Я высунулся из окна и схватил его за плечо.
— И жениться на Шейле?
— Когда я проигрываю, я это знаю. Сегодня же утром дам ей расчет. Мне нужна новая экономка. Хочу попросить твою тетушку Анну.
— Но ей семьдесят! И она дама в стесненных обстоятельствах. Она откажется.
— Когда увидит мой коттедж, не откажется, — заносчиво сказал он. — Я бываю там лишь по субботам и воскресеньям. Пять дней в неделю она может чувствовать себя настоящей дамой. Чем плохо! А ведь она была кухаркой. И моей плоти не будет грозить никакой соблазн. Привет! И прощай!
Пыхтя и отдуваясь, поезд тронулся. Мэл и платформа медленно заскользили назад.

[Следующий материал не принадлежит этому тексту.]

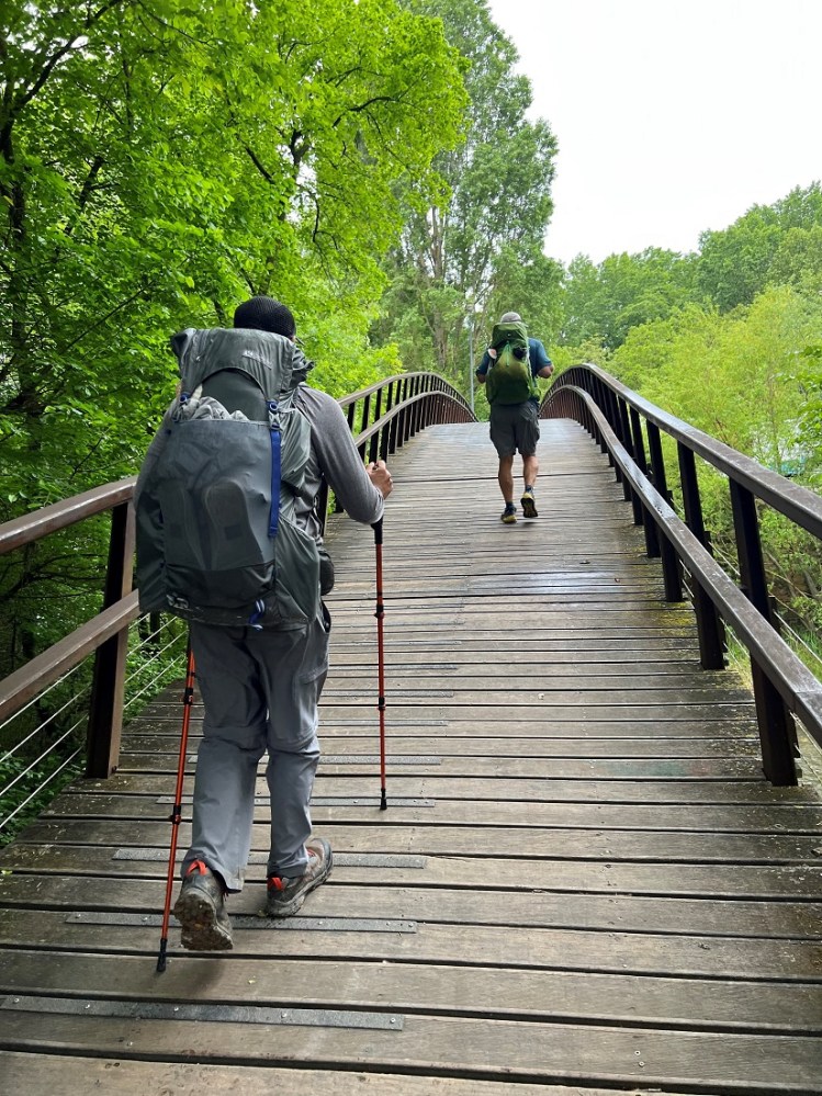 Cooper put his Camino shell on his backpack today. Hesitating at first, thinking it was a bit “hokey” as he called it, until the restaurant owner last night told him he sees the shell on Pilgrim’s backpacks as an open invitation, a way to collect information in your life from those around you…like our Alaskan elder this morning. Cooper, as we all have, was already reaping the benefits of listening to wisdom, experiences, beliefs and teachings of others on this trip, so the shell was hung.

Через несколько секунд я очутился в тоннеле. Окно затянула непроницаемая пелена. В вагон проник тяжкий запах подземелья. «И прощай»? Очевидно, он вынес окончательное суждение обо мне и не намерен больше со мной встречаться. Я выведывал, вмешивался, я сорвал покров с самой тайной его мечты и разбил ее, вынудив его трезво ее оценить. Я оказался во всех отношениях невыносим. Я рассчитывал встретить того Мэла, которого, как мне казалось, всегда хорошо знал, был уязвлен, увидев, что он не совсем такой, попытался сделать его совсем не таким — и чтобы при этом он оставался тем моим прежним Мэлом — и пришел в ярость оттого, что он упорно желал остаться таким, каким, казалось ему, он был всегда. В минуты безнадежной путаницы, с которой ничего невозможно поделать, когда в придачу одолевает стыд и неловкость, правда может быть только банальной, но все равно правдой. Юности ведомо лишь то, что еще находится в зачаточном состоянии. Жизнь не однозначна. Жизнь — игра. Дружба непрочна. Любовь — риск. Если судьба дает в руки человеку синюю птицу, ему остается только ухватиться за нее и бороться за нее без передышки, не рассуждая, потому что все самое главное в жизни мы совершаем (как было сказано!) по причинам, которые рассудку неведомы — он их постигает разве что лет через двадцать.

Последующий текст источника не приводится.